Social Labeling Theory Example
Adrian is a professional thief. He was not always a professional thief though. As a child Adrian was a very
typical boy. He would often play outside with his friends, get above average grades in school, and spend time
with his family whenever he could. As he grew older though, the dynamics of his group of friends began to
change. His friends began to get into deviant acts such as curfew violations, experimenting with drugs and
alcohol, and stealing candy and beer from the local 7-11. At first, Adrian felt uncomfortable doing these things.

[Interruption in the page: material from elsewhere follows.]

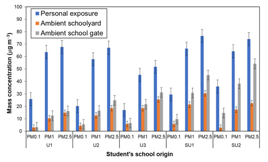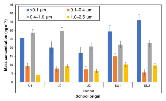 Figure 4 shows the average mass concentration of size-segregated particles down to PM0.1 that the schoolchildren were exposed to for each school. Although, because of individual differences, the actual average duration of exposure measurement was 11.8 ± 0.5 h, the average concentration value may be acceptably regarded as the 12-h time-weighted average (12-h TWA). The exposure to PM0.1 and PM0.4–1 appeared to be dominant-size fractions in most cases, in which the PM0.1 accounted for around 40% of PM≤2.5, i.e., fine particles, with an average PM0.1 exposure of 25.9 ± 10.1 µg m−3. The schoolchildren in suburban areas were exposed to PM0.1 more heavily, exceeding 50 µg m−3 for some children from the SU2. These high levels of PM0.1 are comparable to ambient PM levels during remarkable episodes such as in Chiang Mai city, during the forest fire periods in 2014–2015 in northern Thailand [65] and during the peatland fire season in 2019 in Sumatra, Indonesia [36].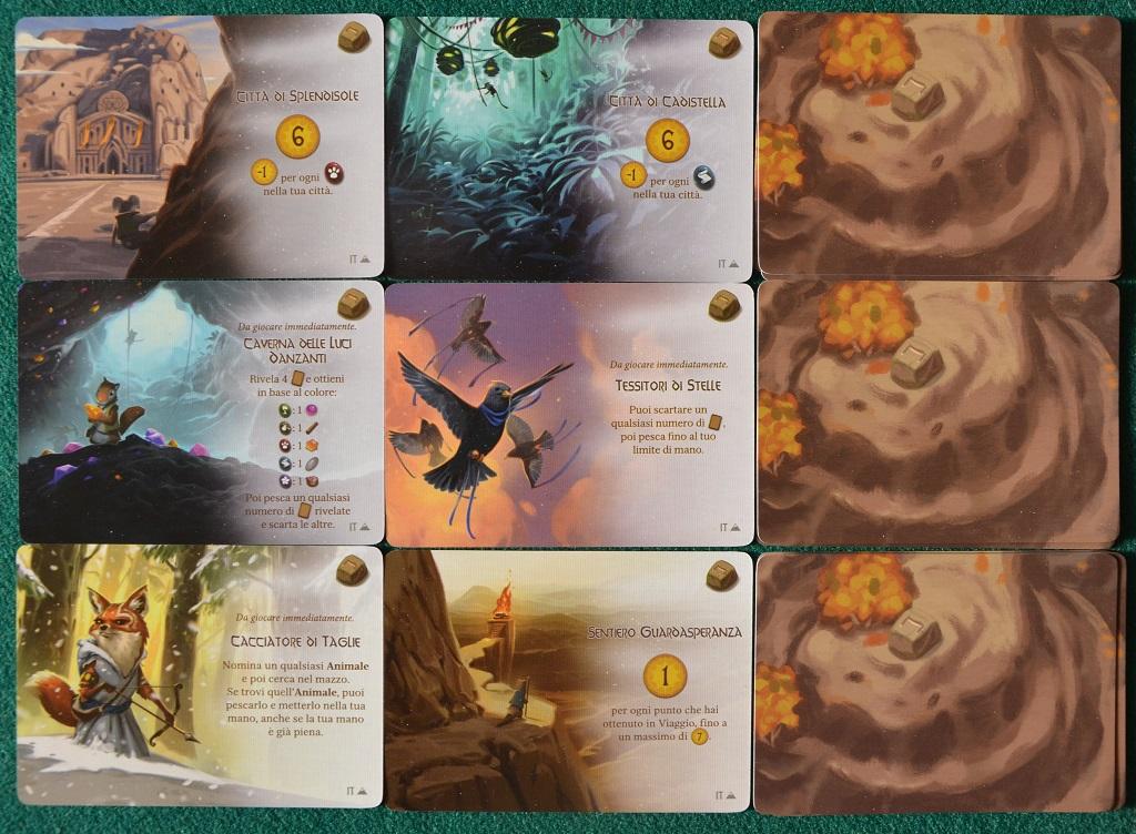 Altre infine si combinano fra loro: la gru, per esempio, può essere scartata per dare uno sconto di tre risorse quando si vuole costruire un nuovo edificio, il tribunale permette di prendere una risorsa ogni volta che viene aggiunta una costruzione al villaggio, il bardo fa scartare fino a 5 carte dalla mano in cambio di 1 PV per ognuna, l’emporio regala 1 bacca, ma se ci sono fattorie nel villaggio aggiunge una bacca extra per ciascuna di esse, ecc.

However as peer pressure started getting stronger, and he committed these crimes more often, he began to settle
into this deviant teenage lifestyle. Every now and again Adrian or one of his friends would get caught stealing
and would be escorted home by a police officer. He never got into any SERIOUS trouble, however his parents
became more and more frustrated with him and it seemed they would care less and less every time he came
home in the back of a squad car. When Adrian was 18 years old, and after his friends had graduated from high
school and moved on to college, Adrian was stuck at home: broke, jobless, and hooked on meth. It seems his
experimentation from his youth had turned into a full on habit. He was often called a “meth head” anytime he
tried to ask someone for money. One day Adrian and another fellow drug addict decided to rob that 7-11 he
would steal beer from as a youth so they could get enough money to buy more drugs. Adrian had never done
this before, so he had to learn from the more experienced friend. The both of them robbed the 7-11 store, and
made out with $2,000. Although they were never caught, many members of the community felt that because of
Adrian’s track record and the type of company he kept, he may have had something to do with the armed
robbery. Most of the people in this community officially shunned Adrian from their lives and Adrian found it
increasingly difficult to find a place to sleep or food to eat. Because of this, Adrian began breaking into
abandoned buildings to sleep at night, and robbing convenience stores and people for food and money. Adrian
was a thief.
Social Control Theory Example
Simply, think about your environment. Think about the people you go to school with every day. Who are
involved in “conventional activities” and who are involved in “deviant activities?” Now consider then four
elements to bonding. How do they apply? YOU give ME and example.